Assignment:
Would you transcribe exactly the lines from the beginning of the records below through the line with "조병화문학관(관장 조진형)은 ‘조병화, 그", both included, omitting the pictures?

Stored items

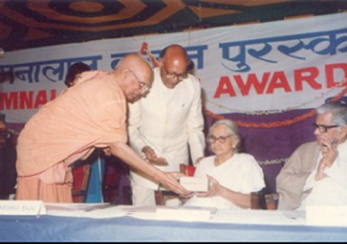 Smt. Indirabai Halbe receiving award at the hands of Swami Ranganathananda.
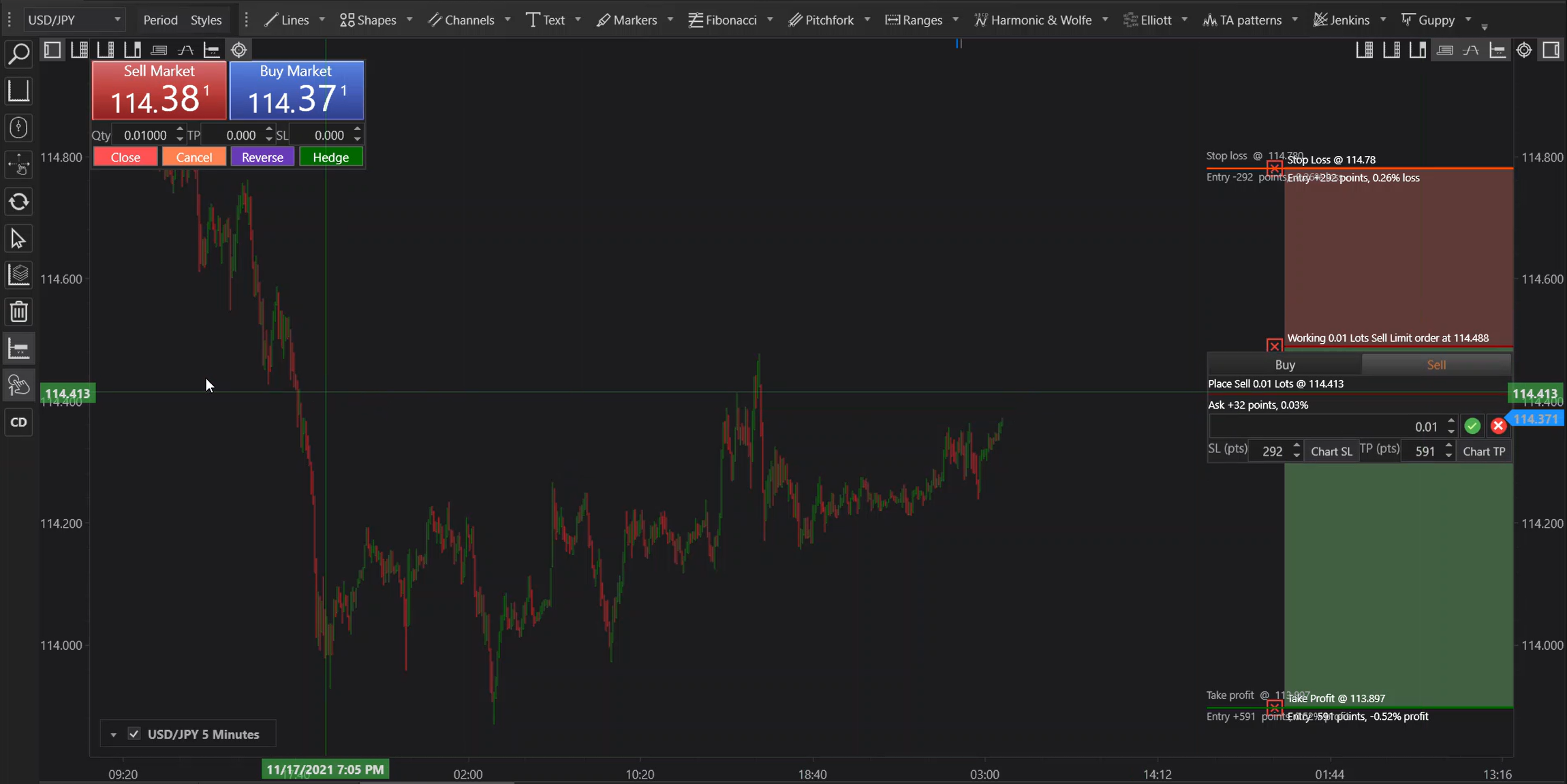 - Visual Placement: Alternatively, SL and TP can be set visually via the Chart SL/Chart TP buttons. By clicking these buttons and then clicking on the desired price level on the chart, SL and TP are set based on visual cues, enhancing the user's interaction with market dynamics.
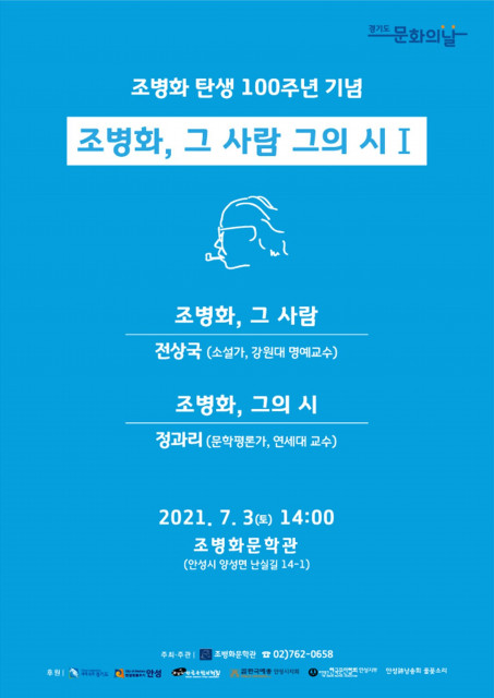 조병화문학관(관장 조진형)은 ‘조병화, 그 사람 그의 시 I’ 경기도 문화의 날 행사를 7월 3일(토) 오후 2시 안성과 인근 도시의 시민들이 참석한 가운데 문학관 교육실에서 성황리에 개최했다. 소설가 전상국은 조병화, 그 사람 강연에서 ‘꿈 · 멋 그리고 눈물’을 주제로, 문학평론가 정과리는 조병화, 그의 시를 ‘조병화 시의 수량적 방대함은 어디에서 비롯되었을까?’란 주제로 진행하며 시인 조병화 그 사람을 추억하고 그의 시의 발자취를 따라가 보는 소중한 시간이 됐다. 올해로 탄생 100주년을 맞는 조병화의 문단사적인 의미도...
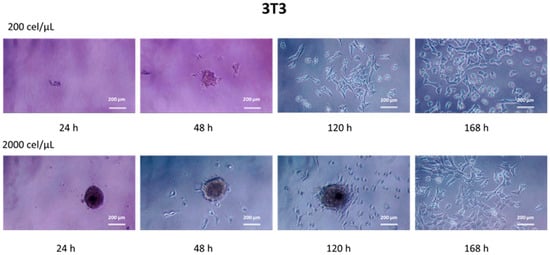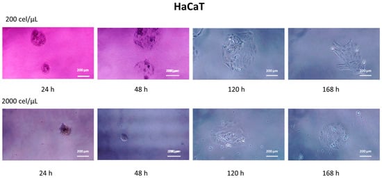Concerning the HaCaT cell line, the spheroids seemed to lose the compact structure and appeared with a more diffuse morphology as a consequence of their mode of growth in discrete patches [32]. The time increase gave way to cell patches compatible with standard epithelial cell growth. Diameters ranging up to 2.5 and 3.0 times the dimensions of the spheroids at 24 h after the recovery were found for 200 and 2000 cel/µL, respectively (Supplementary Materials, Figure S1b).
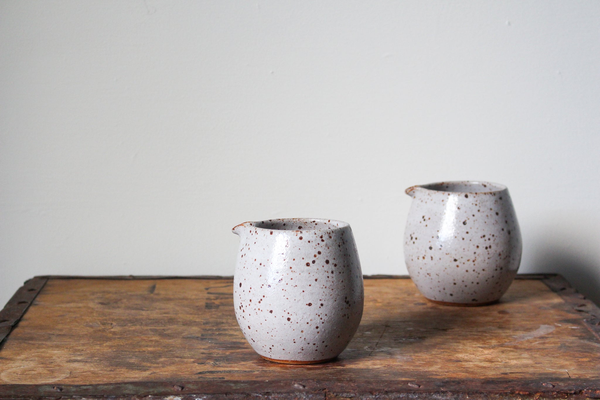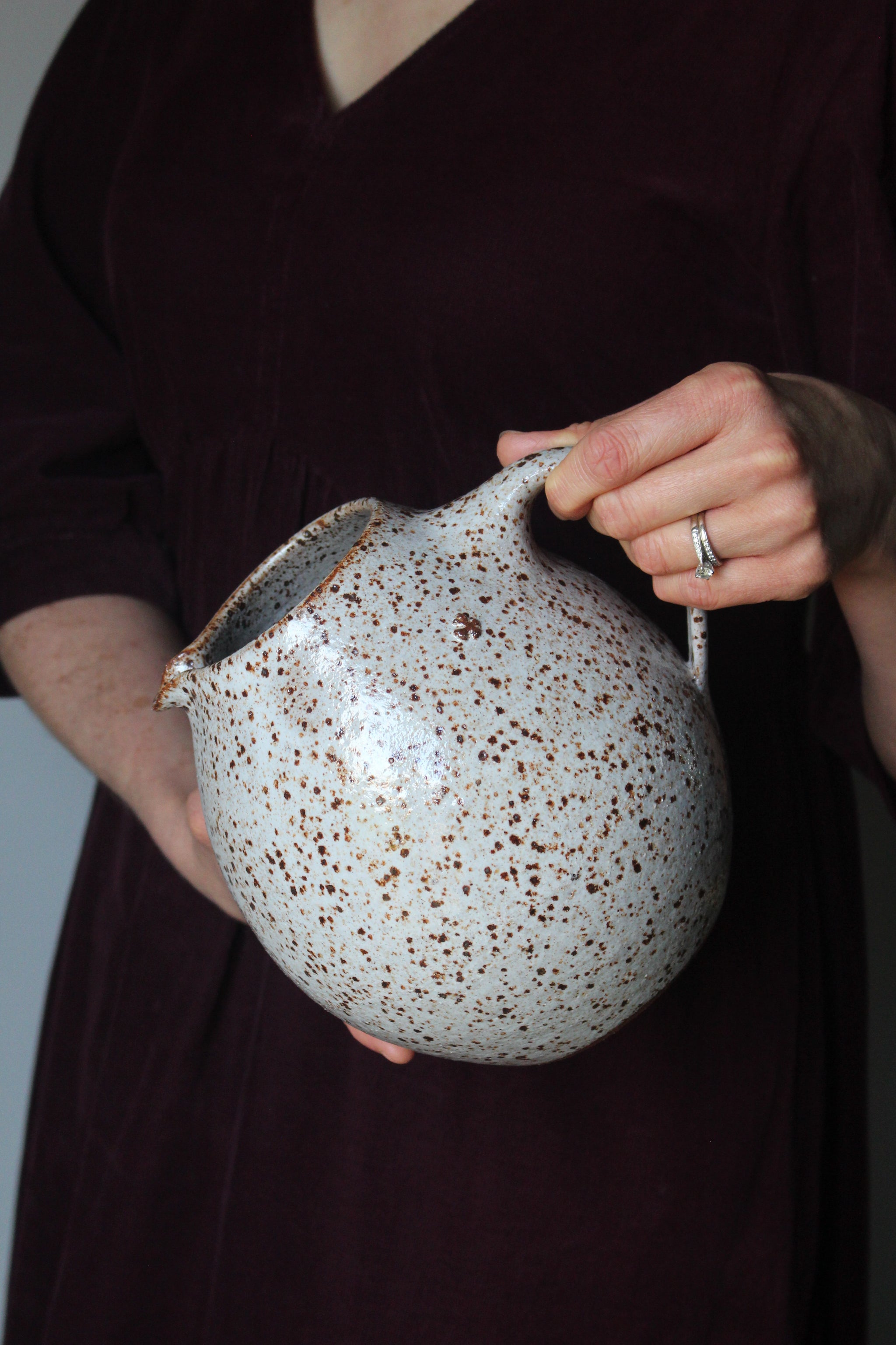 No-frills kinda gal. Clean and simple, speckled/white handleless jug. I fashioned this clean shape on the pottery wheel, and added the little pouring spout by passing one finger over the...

Answer section:
 Smt. Indirabai Halbe receiving award at the hands of Swami Ranganathananda.
 - Visual Placement: Alternatively, SL and TP can be set visually via the Chart SL/Chart TP buttons. By clicking these buttons and then clicking on the desired price level on the chart, SL and TP are set based on visual cues, enhancing the user's interaction with market dynamics.
 조병화문학관(관장 조진형)은 ‘조병화, 그 사람 그의 시 I’ 경기도 문화의 날 행사를 7월 3일(토) 오후 2시 안성과 인근 도시의 시민들이 참석한 가운데 문학관 교육실에서 성황리에 개최했다. 소설가 전상국은 조병화, 그 사람 강연에서 ‘꿈 · 멋 그리고 눈물’을 주제로, 문학평론가 정과리는 조병화, 그의 시를 ‘조병화 시의 수량적 방대함은 어디에서 비롯되었을까?’란 주제로 진행하며 시인 조병화 그 사람을 추억하고 그의 시의 발자취를 따라가 보는 소중한 시간이 됐다. 올해로 탄생 100주년을 맞는 조병화의 문단사적인 의미도...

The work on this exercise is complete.